Motivation

As a technical manager, you started your career in a technical capacity with lots of tools at your disposal, the loveliest and most used of which was your IDE of choice. I’m sure you can think of 3 or 4 tools off the top of your head that you used daily. Can you imagine having done your engineering job without them?

Then you became a manager, and suddenly the landscape of tooling was abysmal. You have the HR-approved tooling that you mostly just use to approve time off and submit performance reviews with. Beyond that, you probably just use Word or Google Docs to keep track of 1:1 notes for each of your direct reports. They’re such big files that you rarely go back and read anything because it’s really hard to find. Then when review time rolls around, you fall prey to the bias of the present. You talk about their last couple of projects and can’t remember anything that happened more than 6 weeks ago.
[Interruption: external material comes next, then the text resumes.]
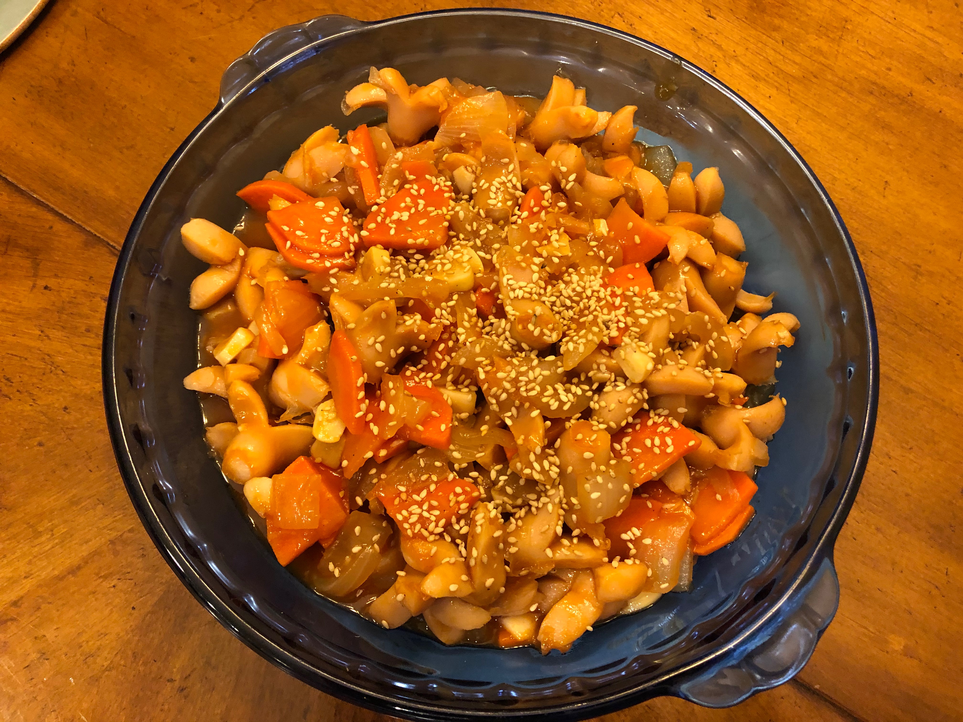 야채 중 하나를 샘플로 꺼내서 잘 익었는지, 양념이 잘 버무려졌는지 맛을 본다. 당근을 넣었다면 당근을 한 조각을 꺼내서 맛을 보는 것이 좋다. 당근이 익었다면 다른 재료들은 충분히 익은 것으로 생각해도 좋다. 접시에 담고 깨소금을 약간 뿌려준 다음 식탁에 내어놓는다.

What if you had an IDE for managing your team? Just like during your technical days, you had an IDE to help you with best practices, like unit testing, builds, compiling, etc. What if you had an IDE to help you with 1:1s, reviews, feedback, and other performance related things? Think of how much more successful of a manager you would be for your team if you had a world-class tool helping you rather than a tool for someone else that makes you feel like you’re just checking off a box.

And what if this tool was so good that your technical team actually used it to engage in their own career growth, resulting in them being more engaged and more productive team members? Those types of teams and leaders are rare. We build the tooling to create those outcomes and make your journey as manager as short and upwardly mobile as possible.

You may think of this as a typically HR tool, and you're right - it is! But we are here to partner with HR in order to enable managers and employees to do better at managing relationships in order for HR to manage more strategic outcomes.